L’analyse des eaux usées pourrait alerter les autorités sur des milliers de menaces sanitaires à la fois, de la résistance aux antimicrobiens au choléra, selon une nouvelle étude menée par plusieurs universités européennes.
Sous la direction de l’Institut national de l’alimentation de la DTU, des chercheurs de 11 universités, institutions et organismes de recherche européens ont développé une nouvelle méthode d’analyse des données issues de la surveillance des eaux usées. Cette méthode permet de déterminer si les bactéries, les virus et la résistance aux antimicrobiens responsables de maladies proviennent des humains, des animaux, de l’industrie ou de l’environnement. Des milliers de menaces potentielles peuvent être détectées simultanément, notamment la résistance aux antimicrobiens et les bactéries responsables du choléra, ce qui pourrait contribuer à empêcher les épidémies de se transformer en épidémies. Cette recherche a été publiée dans la prestigieuse revue scientifique Nature Communications.

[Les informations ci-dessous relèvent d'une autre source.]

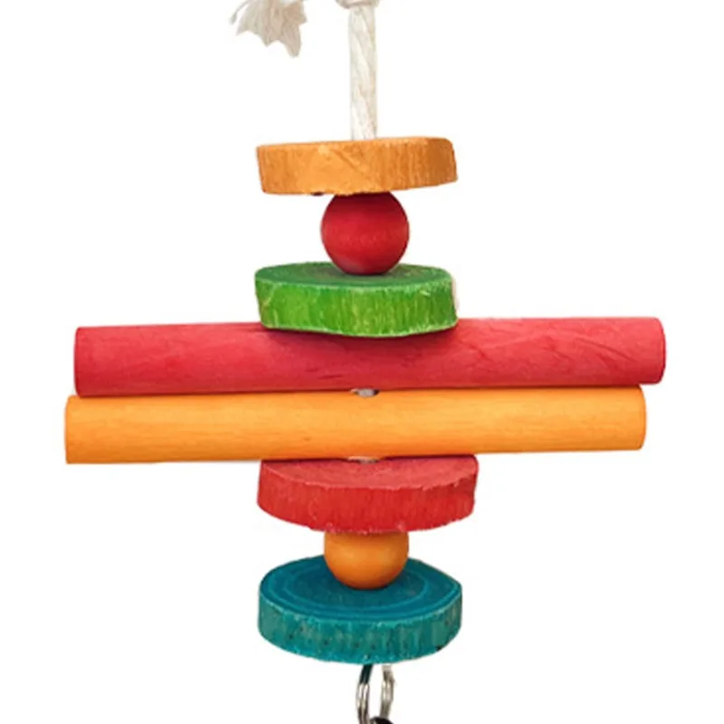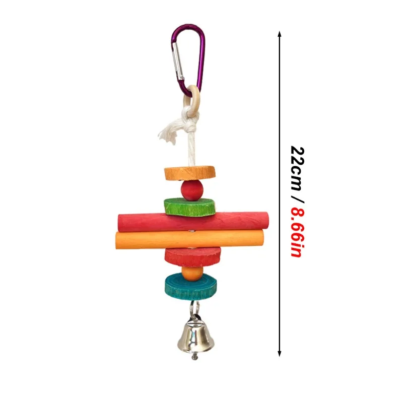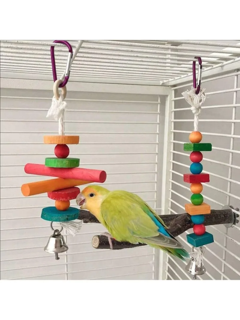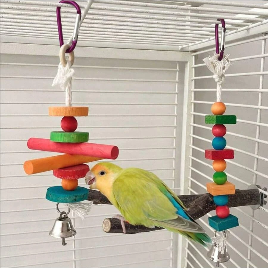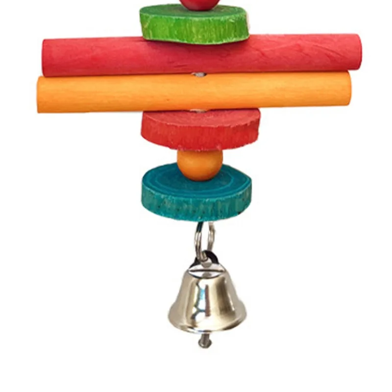 1 unidad de cuentas de madera de colores aleatorios, pinchos para morder pájaros colgantes, juguetes interactivos para masticar dientes con campana para decoración de jaulas para loros y mascotas

Les chercheurs ont analysé des échantillons collectés sur trois ans dans sept usines de traitement des eaux usées de cinq grandes villes européennes : Bologne, Budapest, Copenhague, Rome et Rotterdam.
« Les eaux usées non traitées deviennent de plus en plus une source vitale pour la surveillance anonyme de la santé et des maladies dans les grandes populations urbaines. Cependant, il n'est pas simple d'en extraire des données précieuses, car les eaux usées contiennent des bactéries connues et inconnues provenant de diverses sources, telles que les humains, les plantes, les animaux, l'eau de pluie, le lavage de la vaisselle, etc. », explique l'auteur correspondant de l'article de recherche, le professeur adjoint Patrick Munk du DTU National Food Institute.
De plus, le contenu des eaux usées peut varier en raison des changements saisonniers de température.
C’est à ces défis que les chercheurs commencent à répondre grâce à un nouveau programme informatique.
« Nos recherches montrent un potentiel important dans la surveillance des eaux usées basée sur la métagénomique. Bien que cette méthode soit plus coûteuse que les tests PCR, qui se sont révélés très efficaces pendant la pandémie de COVID-19, la PCR ne détecte qu'une seule menace à la fois. La surveillance des eaux usées basée sur la métagénomique peut évaluer des milliers de menaces simultanément. De plus, la valeur de chaque échantillon individuel augmente à mesure que davantage d'échantillons sont collectés au fil du temps, car les données historiques renforcent la valeur des nouvelles analyses », explique le professeur Frank Aarestrup, qui dirige le groupe de recherche en épidémiologie génétique au DTU National Food Institute et co-auteur de l'article.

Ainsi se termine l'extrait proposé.